風は強いが日差しは暖かい。東京は桜も見頃を迎えつつあるが、車が北に向うにつれて花数は少なくなっていく。わずかに福島の春は東京より遅いようだ。
昼には現地につき、作品を受け取った。そのまま東京に引き返す。順調に帰ったものの、都内に入ると急に車が増え、進みが悪くなる。それでも4時には品川にあるスタジオに到着した。
エス・アンド・ティフォトの南さんは私の最初の個展の時からずっと絵の写真を撮ってくれている。多くの作家の作品を撮っているベテラン。知り合いの写実画家のほとんどが撮ってもらっていると言っていいほどだ。私の絵にしてもどんなところを見せたいのかをきちんと理解しながら撮ってくれるので、安心して任せられる。出来上がった作品を撮っているのに、「小尾さん。この下に赤味の色が入ってます?」なんて、下層の色のことまでわかってしまうらしく、こちらが驚かされることもしばしばだ。世の中いろんなところに職人技を持った人っているんだなあ…、と、いろんな所で思わされる。他にもたとえば印刷会社の人。作品のポジを見て、実際の作品を観たことがあるわけでもないのに、一瞬で「ちょっと 赤いですねえ。これは青いかな。」などと指摘するだけではなく、「ああ、この子供の首のあたり、皮膚の剥がれた感じまで描いてるんですねえ。

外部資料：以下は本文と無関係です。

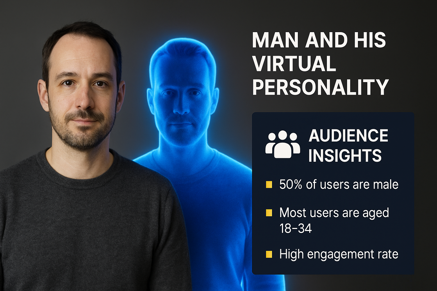 /Collection: /by davooda/Type: PNG/A modern graphic showcasing a man and his virtual counterpart, highlighting audience demographics and engagement metrics. Ideal for digital marketing discussions.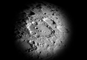 Focus the telescope at infinity. Focus the camera lens at infinity. The camera is held up to the eyepiece and the photograph is made. Care must be taken to hold the camera so that the focal plane is perpendicular to the optical axis and it does not move during the exposure. The camera should be at the focal length of the camera lens away from the eyepiece so that the exit pupil of the scope is located at the iris diaphragm of the lens. For long focal length eyepieces, it may be a problem making sure the eyepiece is focused on infinity because of the eye's accommodation. To solve this problem, a finder scope or binocular can be focused on infinity first, and then held up to the telescope eyepiece. The telescope eyepiece is then focused at infinity through this auxiliary instrument. The equivalent focal length of the system is the telescope's magnification multiplied by the focal length of the camera lens. For example, the picture above was made with a 12.5 inch f/6 telescope. That is 75 inches of focal length, or 1905 millimeters. The telescope eyepiece had 18mm of focal length. The magnification through the eyepiece was 1905/18 = 105x. The equivalent focal length of the entire system: telescope, eyepiece, and camera lens is 105 * 50 = 5,250 millimeters. The focal ratio of an afocal system is determined in the usual manner, the focal length divided by the diameter of the objective. In this example, the focal length is 5,250 millimeters divided by the diameter of the objective, which is 12.5 inches or 317.5 millimeters. The formula gives us 5,250 / 317.5 = 16.5. So the focal ratio of the system is f/16.5. Remember that exposures get longer as the focal ratio of the optical system increases. For objects such as the moon, which fill the frame, you can simply take the exposure at the camera's meter reading. For other objects, you can make a guess and take a test exposure and examine it on the LCD on the back of the camera. Vignetting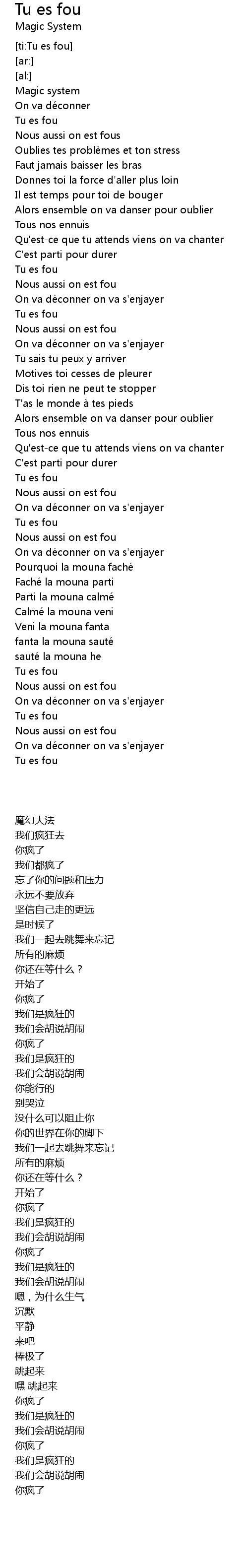 | [00:15.28] | Oublies tes proble mes et ton stress |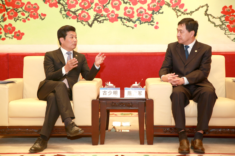 ▲古少明主席與隋廣軍書記在座談會(huì)上暢談校企合作前景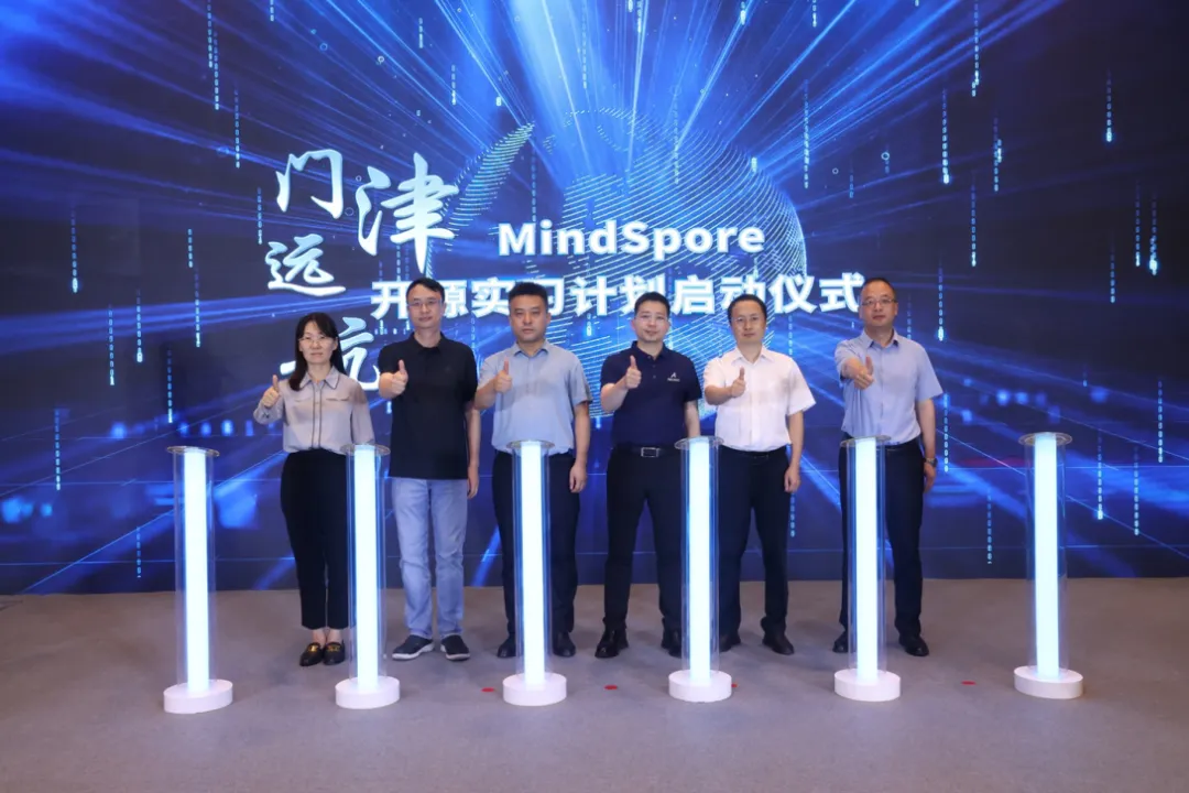 紧接着,天津市河北区数据局局长杨天虎、华为天津昇腾创新中心CTO李永强、昇思开源生态总监杨滔、南开大学软件学院副院长谢茂强、天津科技大学人工智能学院副院长陈亚瑞、天津师范大学研究生院副院长王为共同按下启动按钮,昇思 MindSpore“津门远航”开源实习计划正式启动,期望更多天津开发者和高校同学踊跃参与其中。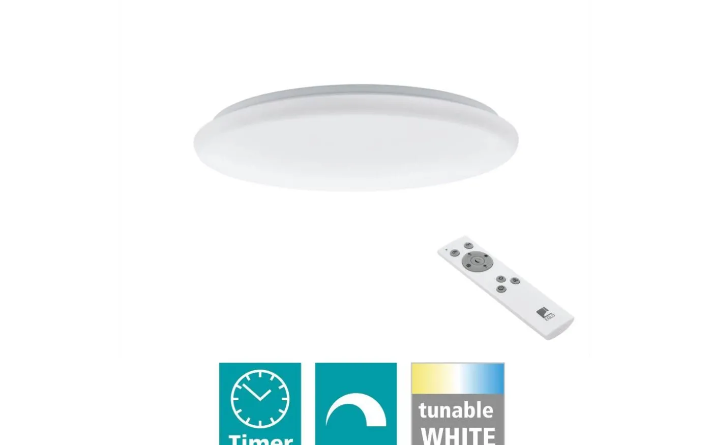 GIRON LED-taklampan är gjord av vit metall och har en rund plastkåpa. De integrerade lysdioderna ger ett behagligt ljus som kan justeras efter behov. Den medföljande fjärrkontrollen kan justera ljusstyrkan, variera färgtemperaturen mellan varmvit, neutralvit och kallvit samt ställa in nattljus och timer. Med en diameter på 57 cm smälter taklampan sömlöst med moderna interiörer och ger distinkt belysning för alla utrymmen, oavsett om det är i köket, vardagsrummet, sovrummet eller hallen.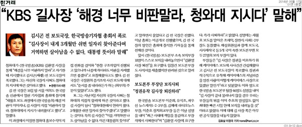 한편 한겨레는 길환영 KBS 사장이 KBS 인사와 보도에 직접적으로 개입했다는 김시곤 전 보도국장의 폭로를 1면을 통해 전달했다.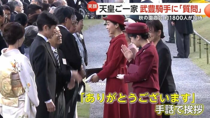 愛子さまは、佳子さまの勤務先の全日本ろうあ連盟元理事長の石野富志三郎さんに、手話で「ありがとうございます」とあいさつし、武豊さんには、レースについて熱心に質問された。

」などと、実物を見ても気付かないような細部を言い当ててしまう。
画廊、出版社、カメラマン、印刷会社、美術館、コレクター、モデル…今回の出版にあたって考えてみるとそれぞれ特殊な力を持ったどれだけ多くの協力者があってできていくのかということをあらためて感じる。まだ出来上がってないが、あらためて協力者の皆さんにお礼申し上げます。